Прежде чем спустить обед пленнику, стражник от души харкнул на рисовые лепешки.
Нобу брезгливо отер плевок и впился зубами в клейкую массу.
Как хороши летние вечера в окрестностях Тэйдо! Бездонные небеса в россыпи драгоценных созвездий, свет луны дорожкой на темной глади озера. В городе шумно и воняет нечистотами, но в предместьях воздух напоен ароматами ночных цветов и слышно лишь тихое стрекотание сверчков.
Слуги украсили холм над озером, развесив то тут, то там в живописном беспорядке фонари. Круглые, затянутые оранжевой бумагой, они заливали место будущего поэтического состязания мягким светом. На низеньких переносных столиках уже лежали заранее подготовленные закуски и стояло легкое сливовое вино. А поверх зарослей тимьяна расстелили полотно, чтобы высокие гости могли расположиться на траве без страха запачкать шелковые одежды.

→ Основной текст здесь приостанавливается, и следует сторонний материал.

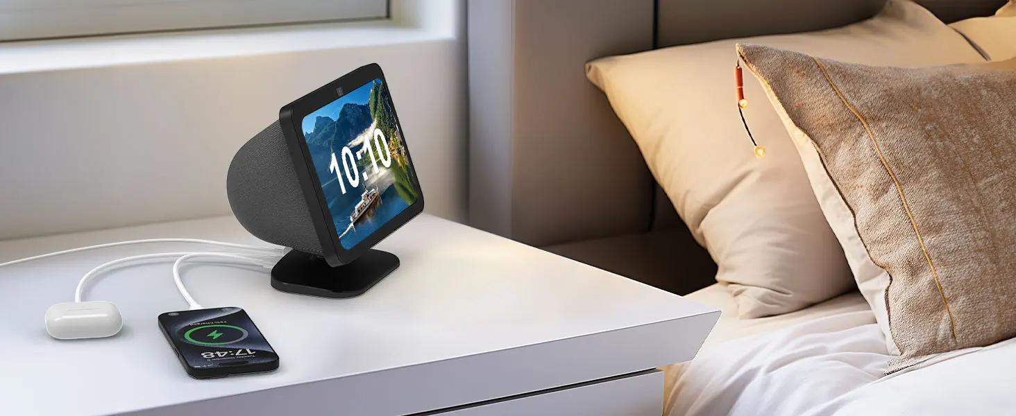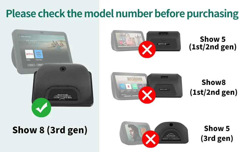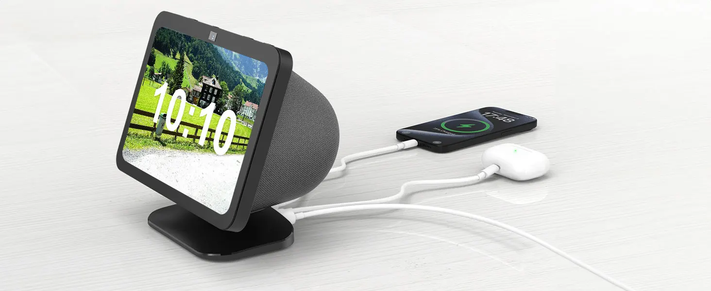 2. Compatibility: The adjustable stand is compatible with Show 8 (3rd Gen, 2023 release). It can also charge your smartphones, earbuds, smartwatch and more. Please use the Show 8 3rd Gen original adapter for input port. NOT for Show 8 (2nd Gen & 1st Gen)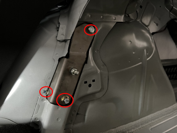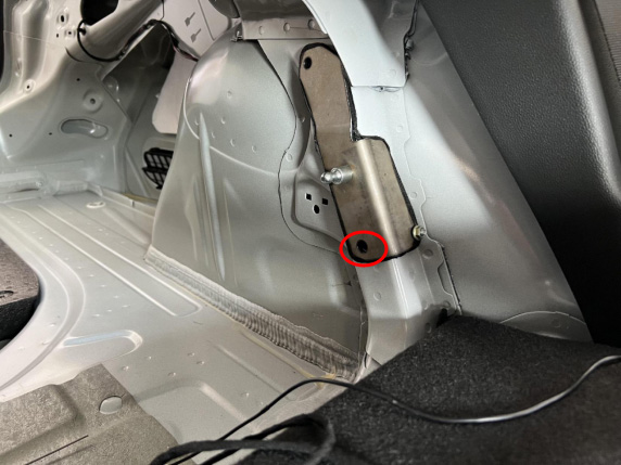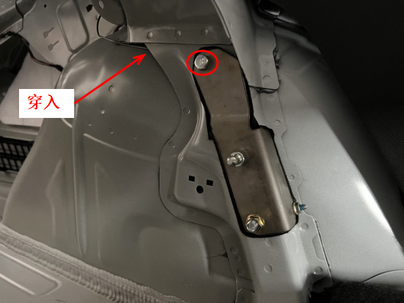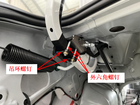 12、安装尾门左支架,将支架定位柱穿入原车线扣孔,按图示位置固定好外六角螺钉与吊环螺钉。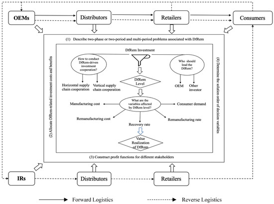 As shown in Figure 9, the DfRem activity has a fundamental and overall impact on traditional supply chain operation by integrating the contents of the above-mentioned 2–3 parts. It not only affects the competition and cooperation among participants in the supply chain, but also influences the decision-making process of participants. DfRem makes the various participants and elements of the closed-loop supply chain (such as the product flow and the capital flow) more integrated. In terms of closed-loop supply chain modeling, DfRem’s intervention in supply chain operation decisions is mainly reflected in DfRem-related investment decisions, DfRem-related production and operation decisions, and DfRem-related performance evaluation and multi-cycle operation problems. Specific DfRem-related decision-making issues are as follows: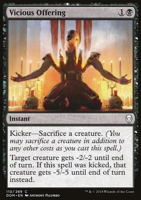 Kicker—Sacrifice a creature. (You may sacrifice a creature in addition to any other costs as you cast this spell.) Target creature gets -2/-2 until end of turn. If this spell was kicked, that creature gets -5/-5 until end of turn instead.
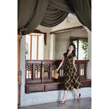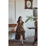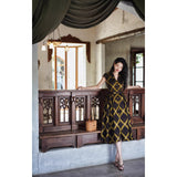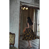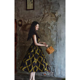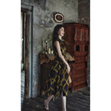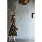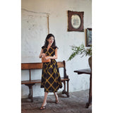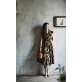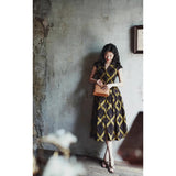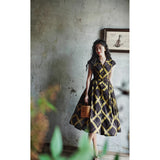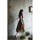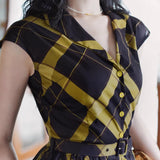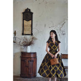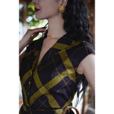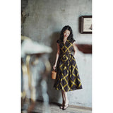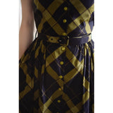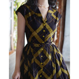 1980年代を彷彿とさせる斜めチェック柄のクラシックワンピース。ダークブラウンとオリーブの組み合わせが印象的。袖は短めのフレンチスリーブで、ボタンダウンのデザインとなっており、Vネックが首元を美しく見せ、施されたベルトでウエストマークされています。フレアに広がるスカート部分が上品な雰囲気を醸し出しています。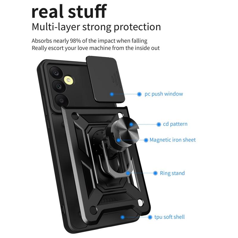 - Roterende ring hybridetui med kameraavskjerming for Samsung Galaxy A25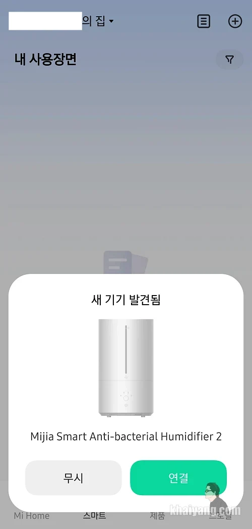 샤오미 가습기 제품에 전원을 켜시고 기다리면 앱에서 자동으로 기기를 인식을 합니다.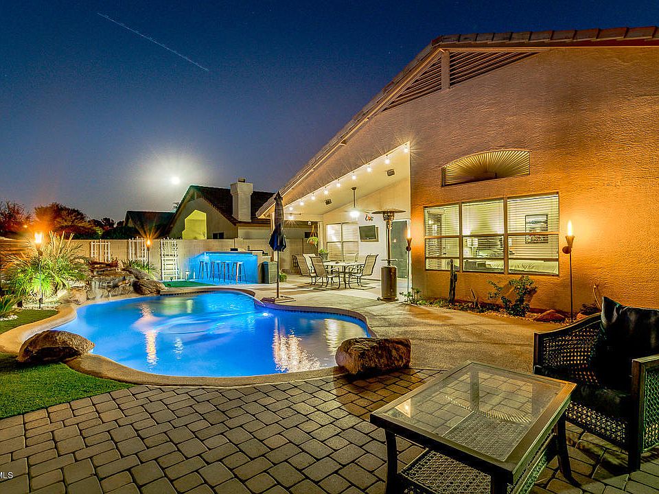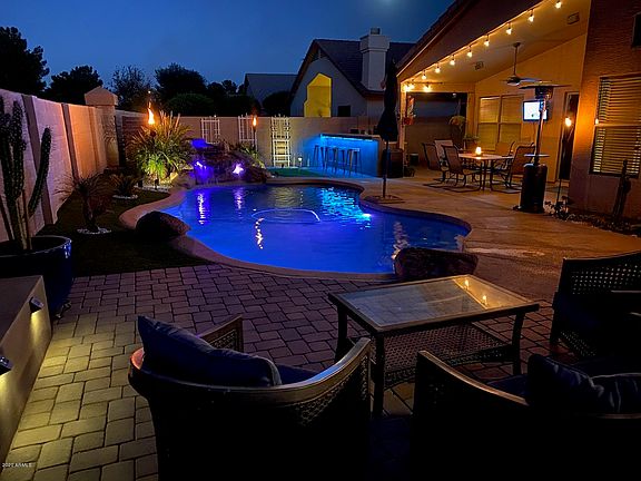 This home shows Pride of Ownership Inside/Out - Premium Lot with no neighbors behind home. Home features Formal Living/Dining Area plus Family Room off Kitchen. Plenty of Room in this 3 Bedroom plus Den. Lots of Tile and Pergo Flooring with 2 Carpeted Bedrooms. Soaring Ceilings, Decorator Nooks and plant shelves, accent walls give this home welcome character. Large kitchen with slab granite counters - Kitchen Island - Walk-in Pantry - Desirable N/S Exposure - Near New & Upgraded Energy Efficient A/C - Large Covered Patio that overlooks refreshing Waterfall pebble tech pool, Firepit, Citrus. Garage has Insulated door and lots of built-in Storage. RV Gate and parking. Excellent Gilbert location with excellent Gilbert Schools. Please note that Ceiling Fan in Family Room 2 be replaced.

Принцесса и ее свита прибыли к подножию холма в носилках. Но тропка, ведущая наверх, была слишком крутой и неудобной, чтобы по ней нести норимоны.
— Пойдем пешком, — велела Тэруко Ясуката и гневно нахмурилась в ответ на недовольный ропот. — Еще одно слово, и мы все вернемся во дворец!
Девушки испуганно примолкли и переглянулись. Наверху их ждали мужчины — и какие мужчины! Все прибывшие с принцем Джином ко двору самханцы были как на подбор знатны, молоды, хороши собой и холосты. Лишиться чудесного вечера в таком обществе из-за страха перед ночной тропой? Ну уж нет!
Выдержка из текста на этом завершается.